> About this exercise: What you return should match the data below exactly, with no pictures in it.

--- Data section ---

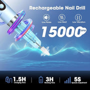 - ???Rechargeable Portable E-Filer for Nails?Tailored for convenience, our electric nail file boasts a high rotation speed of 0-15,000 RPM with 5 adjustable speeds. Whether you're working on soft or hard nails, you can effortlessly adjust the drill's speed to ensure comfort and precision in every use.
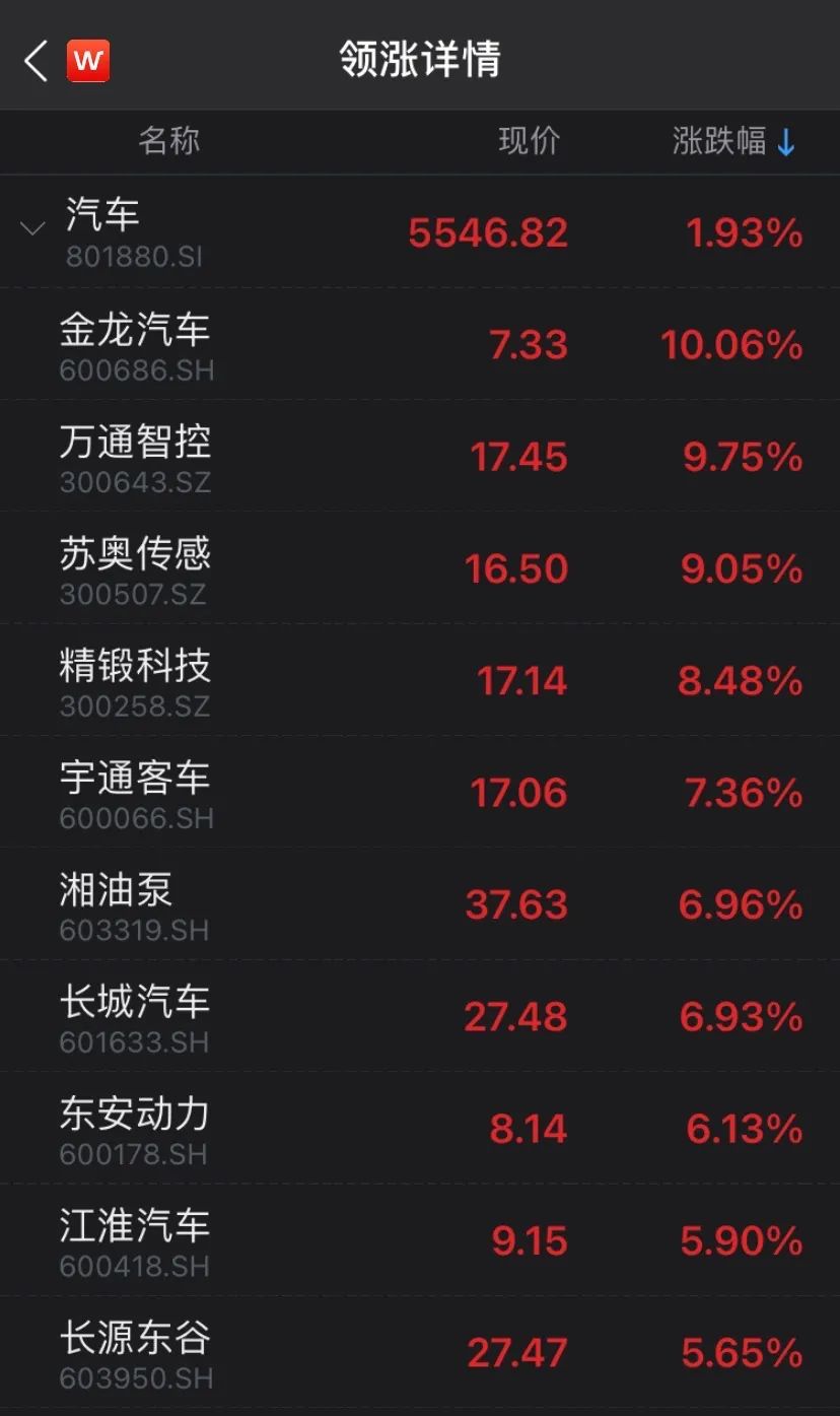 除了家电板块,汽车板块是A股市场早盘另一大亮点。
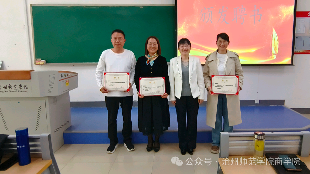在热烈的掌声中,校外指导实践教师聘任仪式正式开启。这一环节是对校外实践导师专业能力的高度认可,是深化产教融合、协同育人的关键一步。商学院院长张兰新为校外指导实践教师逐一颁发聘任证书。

---

> Written reply:
 - ???Rechargeable Portable E-Filer for Nails?Tailored for convenience, our electric nail file boasts a high rotation speed of 0-15,000 RPM with 5 adjustable speeds. Whether you're working on soft or hard nails, you can effortlessly adjust the drill's speed to ensure comfort and precision in every use.
 除了家电板块,汽车板块是A股市场早盘另一大亮点。
在热烈的掌声中,校外指导实践教师聘任仪式正式开启。这一环节是对校外实践导师专业能力的高度认可,是深化产教融合、协同育人的关键一步。商学院院长张兰新为校外指导实践教师逐一颁发聘任证书。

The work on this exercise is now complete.